§ **WHAT IS BEING ASKED**
From the line containing "Artisanal luxury is" through the last line below, copy every line exactly, leaving out the pictures.

§ **DATA EXCERPT**
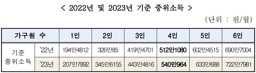 중위소득은 전 국민을 100명이라고 가정하면, 소득이 50번째인 사람을 말하는 게 중위소득입니다. 4인 가구 기준 540만 원이 2023년도 중위 소득 기준입니다.
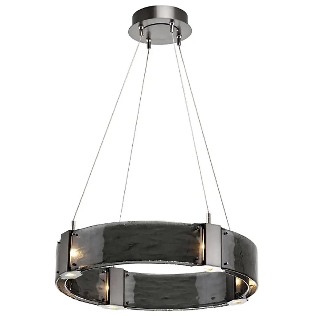 Artisanal luxury is paired with contemporary design in the Parallel Ring LED Chandelier by Hammerton Studio. Its ringed silhouette consists of parallel handcrafted, kiln-fused, textured glass panels that are joined by finished metal inserts. These metal inserts contain Cree brand integrated LEDs that sit flush behind Frosted Glass diffusers, pointed both down and sideways for a dazzling display once lit.
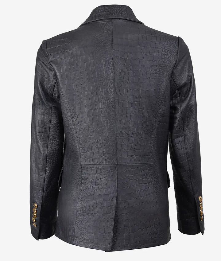 Step into luxury with our Textured Black Leather Blazer for women, designed with a sleek peak lapel and elegant two-button front. Perfect for transitioning effortlessly from office to evening, it's a must-have for the fashion-forward wardrobe.
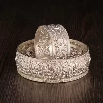 Nepal eight auspicious semi-handmade Manza plate sterling silver repair Manda pan Mandarin Mandarin without tray 8cm

§ **REPLY**
 Artisanal luxury is paired with contemporary design in the Parallel Ring LED Chandelier by Hammerton Studio. Its ringed silhouette consists of parallel handcrafted, kiln-fused, textured glass panels that are joined by finished metal inserts. These metal inserts contain Cree brand integrated LEDs that sit flush behind Frosted Glass diffusers, pointed both down and sideways for a dazzling display once lit.
 Step into luxury with our Textured Black Leather Blazer for women, designed with a sleek peak lapel and elegant two-button front. Perfect for transitioning effortlessly from office to evening, it's a must-have for the fashion-forward wardrobe.
 Nepal eight auspicious semi-handmade Manza plate sterling silver repair Manda pan Mandarin Mandarin without tray 8cm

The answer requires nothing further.